General characteristics
- Class & type: D'Assas-class cruiser
- Displacement: 3,957.1 t (3,894.6 long tons; 4,362.0 short tons)
- Length: 99.65 m (326 ft 11 in) loa
- Beam: 13.68 m (44 ft 11 in)
- Draft: 5.8 m (19 ft 0 in)
- Installed power: 20 × water-tube boilers; 10,000 ihp (7,500 kW);
- Propulsion: 2 × triple-expansion steam engines; 2 × screw propellers;
- Speed: 20 knots (37 km/h; 23 mph)
- Range: 6,000 nmi (11,000 km; 6,900 mi) at 10 knots (19 km/h; 12 mph)
- Complement: 370–392
- Armament: 6 × 164.7 mm (6.5 in) guns; 4 × 100 mm (3.9 in) guns; 10 × 47 mm (1.9 in) guns; 2 × 37 mm (1.5 in) guns; 3 × 37 mm Hotchkiss revolver cannon; 2 × 356 mm (14 in) torpedo tubes;
- Armor: Deck: 30 to 80 mm (1.2 to 3.1 in); Conning tower: 60 mm (2.4 in); Gun shields: 54 mm (2.1 in);

= French cruiser Cassard =

Protected cruiser of the French Navy

Cassard was a protected cruiser built for the French Navy in the 1890s. The D'Assas-class cruisers were ordered as part of a construction program directed at strengthening the fleet's cruiser force at a time the country was concerned with the growing naval threat of the Italian and German fleets. The new cruisers were intended to serve with the main fleet and overseas in the French colonial empire. Cassard was armed with a main battery of six 164 mm guns, was protected by an armor deck that was 70 to 80 mm thick, and was capable of steaming at a top speed of 20 kn.

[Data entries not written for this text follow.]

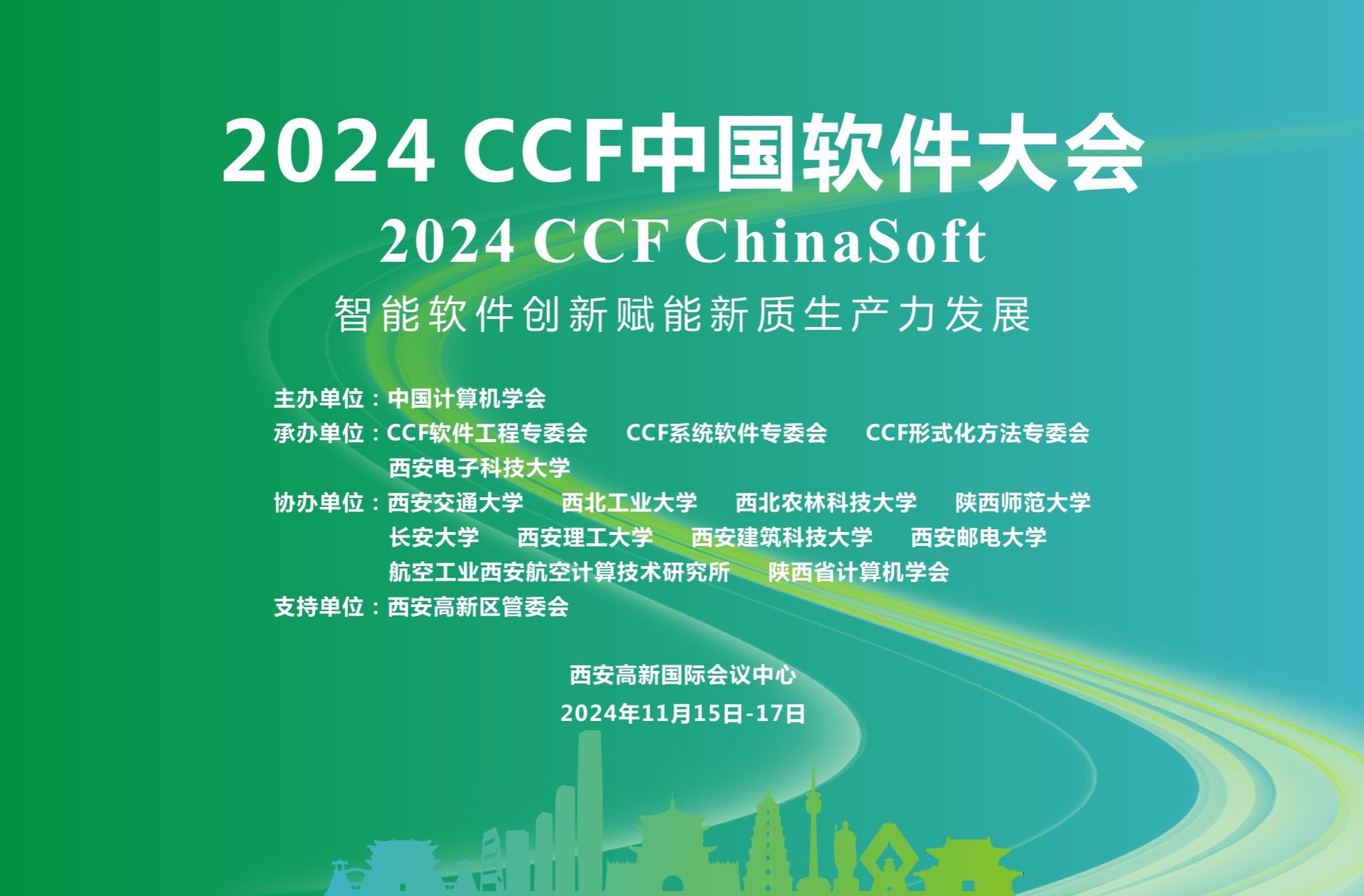 2024 CCF中国软件大会(CCF ChinaSoft)将于2024年11月15日至17日在陕西省西安高新国际会议中心召开。大会由中国计算机学会(CCF)主办,CCF软件工程专委会、系统软件专委会、形式化方法专委会、0638太阳集团官网承办,0638太阳集团官网(国家示范性软件学院)具体落实,西安市智能软件工程重点实验室负责实施,得到西安高新区管委会的大力支持。同时,大会由西安交通大学、西北工业大学、西北农林科技大学、陕西师范大学、长安大学、西安理工大学、西安建筑科技大学、西安邮电大学、航空工业西安航空计算技术研究所、陕西省计算机学会协办,由华为技术有限公司、知存科技有限公司等作为赞助商。本届大会的主题为“智能软件创新赋能新质生产力发展”。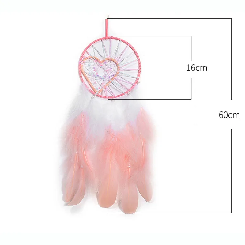 Ловец снов в форме сердца ручной работы с перьями, искусственное украшение, розовый Ловец снов, декор для комнаты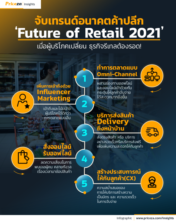 วันนี้ไพรซ์ซ่า นำ 5 เทรนด์อนาคตของธุรกิจค้าปลีกที่น่าจับตาในปี 2021 มาเพื่อเป็นแนวทางในการปรับประยุกต์ใช้ในการสร้างแผนการตลาดพร้อมทั้งช่วยยกระดับแบรนด์ให้ก้าวเข้าสู่ธุรกิจดิจิทัลที่เหมาะสมกับ ดีมานด์ และพฤติกรรมของผู้บริโภค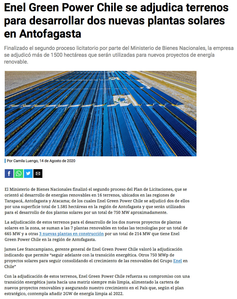 Enel se adjudicó terreno para desarrollar una planta de energía solar en Taltal - (El Mercurio de Calama)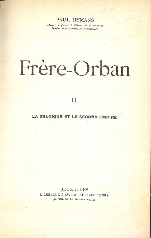 - TitelFrère-Orban. II. La Belgique et le second empire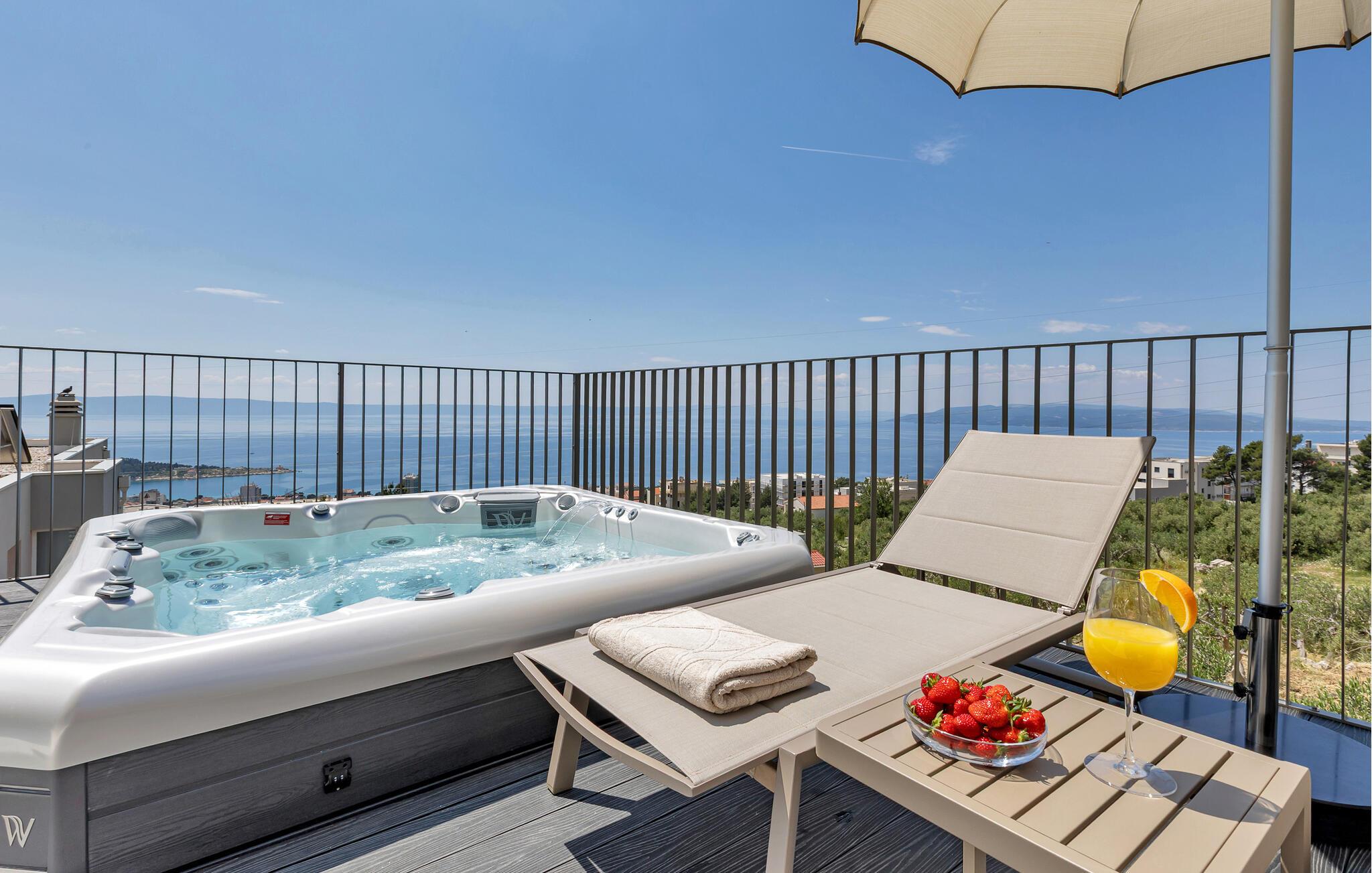 Nyd skønne timer udendørs. Balkoner og terrasser giver jer mulighed for fuldt ud at nyde den betagende udsigt. Snup en frisk dukkert i poolen, når I har lyst eller nyd et boblende bad i spabadet.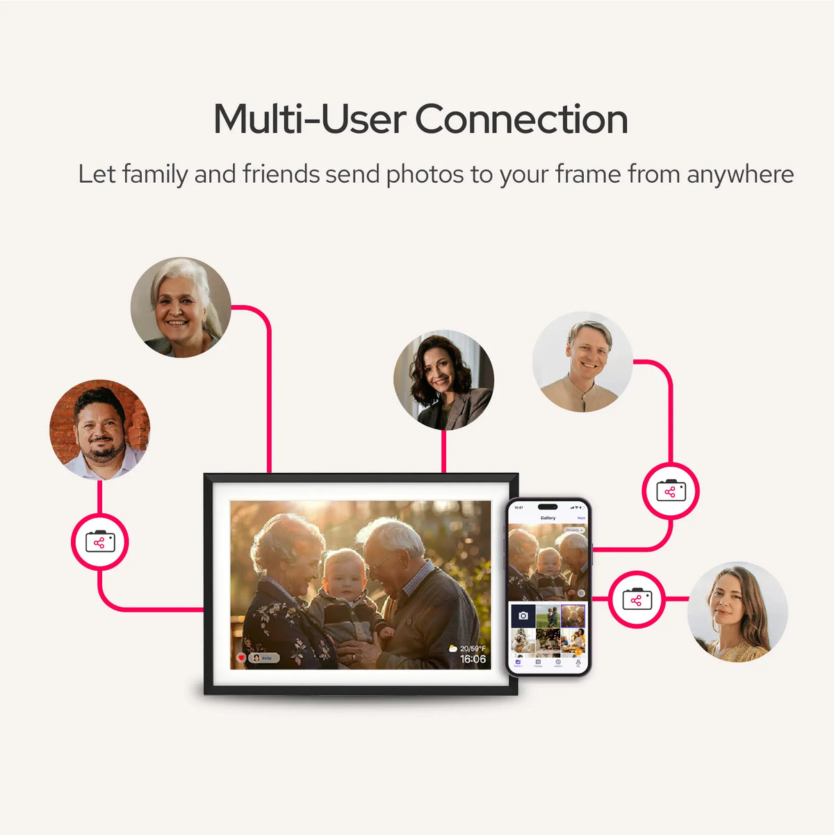 Absolutely. As long as the frame is connected to Wi-Fi, you can send photos from anywhere in the world using the app. It’s the perfect way to stay close to family, no matter the distance.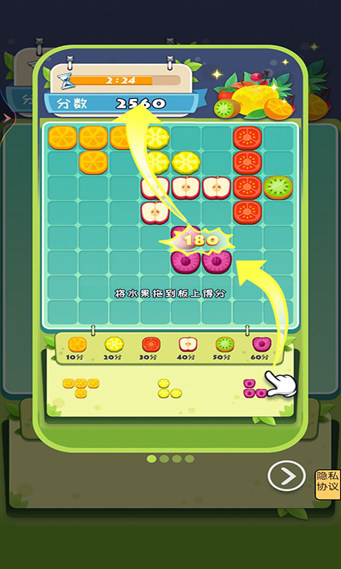 这款游戏的核心玩法是经典的淘汰赛机制,但加入了大量创新元素。游戏中设计了多元化的关卡模式,从限时挑战到分数比拼,各种玩法等你来破解。Q版的水果设计不仅可爱迷人,每个水果都有独特的表情和动作。酷炫的淘汰特效让每一次消除都充满视觉冲击力,合理的连击淘汰可以获得更高的分数加成。游戏中有各种特殊关卡等待挑战,比如会发芽的魔法果实关卡,能带给你震撼的视觉盛宴。优美的游戏画面配合轻松愉悦的背景音乐,让玩家在游戏过程中获得双重享受。超过200个精心设计的关卡,搭配可爱迷人的画风,保证让你爱不释手!

Cassard entered service in 1898, joining the Mediterranean Squadron, where she served for the following several years. During this period, she was occupied primarily with routine training exercises. She had been reduced to the reserve fleet by 1905, though she was reactivated in 1908 for a deployment to French Morocco. At the start of World War I in 1914, she initially operated out of Morocco, patrolling for German U-boats. In September, she bombarded local villages in Morocco to suppress challenges to French colonial rule. The ship was later transferred to the western Mediterranean and Red Seas, along with a deployment to the Indian Ocean in 1917. After the war, Cassard was partially disarmed and converted into a gunnery training ship, though she was struck from the naval register in 1924, grounded for use as a target ship, and then sold for scrap in 1925.

==Design==

In response to a war scare with Italy in the late 1880s, the French Navy embarked on a major construction program in 1890 to counter the threat of the Italian fleet and that of Italy's ally Germany. The plan called for a total of seventy cruisers for use in home waters and overseas in the French colonial empire. The D'Assas class, which also included and , was ordered as part of the program. Their design was heavily drawn from that of the preceding s, being slightly longer and wider, which improved speed and stability.

Cassard was 99.65 m long overall, with a beam of 13.68 m and an average draft of 5.8 m. She displaced 3957.1 t as designed. Her crew varied over the course of her career, and consisted of 370–392 officers and enlisted men. The ship's propulsion system consisted of a pair of triple-expansion steam engines driving two screw propellers. Steam was provided by twenty coal-burning Lagrafel d'Allest water-tube boilers that were ducted into three funnels. Her machinery was rated to produce 10000 ihp for a top speed of 20 kn. She had a cruising radius of 6000 nmi at 10 kn and 1000 nmi at 20 knots.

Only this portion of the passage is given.